Itaconic acid is an organic acid with great application potential in various areas of the chemical industry. However, most applications are currently not feasible due to the high production costs. Currently, it is produced biotechnologically with the natural producer Aspergillus terreus, a filamentous fungus that derives itaconic acid from the citric acid cycle intermediate cis-aconitate. Production of itaconic acid in non-natural producers such as E. coli has already been successfully demonstrated. However, the activity of the key enzyme cis-aconitate decarboxlyase (CadA) in recombinant organisms is relatively low due to a relatively high KM value for cis-aconitate as well as a pH optimum of 6.2, which makes production more difficult in terms of product yield and productivity.
Goal of the Thesis
For the above mentioned reasons, the enzyme CadA is to be improved with regard to its activity in E. coli within the scope of this Master Thesis. Therefore, an already established enzyme assay will be used to screen protein libraries generated by random mutagenesis for variants with improved conversion. Subsequently, improved variants on the enzyme level will be tested in vivo in shaking flask cultures for improved conversion of glucose or citric acid to itaconic acid. Promising strains will then be further characterised in bioreactor cultures.

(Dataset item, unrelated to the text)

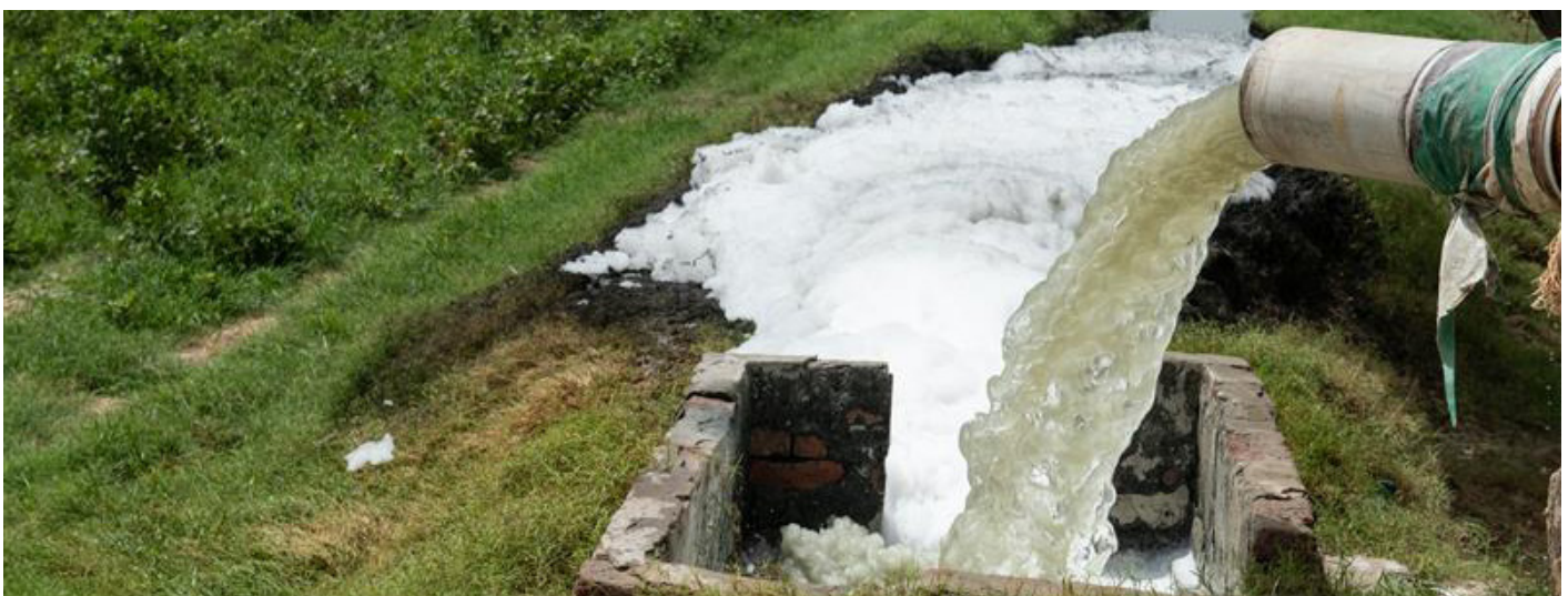
Wastewater being channelled for crop irrigation in parts of Punjab Province, Pakistan.

Finally, water management and sustainable development must go beyond wastewater treatment and use to address the multidimensional water security issues Pakistan is facing as the country strives to achieve the water-related United Nations Sustainable Development Goals by 2030 (Ishaque et al. 2024).

- Random mutagenesis via error prone PCR to generate protein libraries
- Screening of protein libraries by UV assay in 96 well plates
- Use of colony picker and liquid handling system for enzyme engineering
- Shake flask cultures with E. coli
- Cultures with E. coli in batch and fed-batch in parallel bioreactor system
- HPLC analysis and balancing of bioreactor cultures
The Master Thesis is a cooperation between TU Munich and TU Vienna. The enzyme engineering part (~ 5 months) will be done at the TUM Campus in Straubing, the in vivo characterization (~ 1 month) at TU Vienna.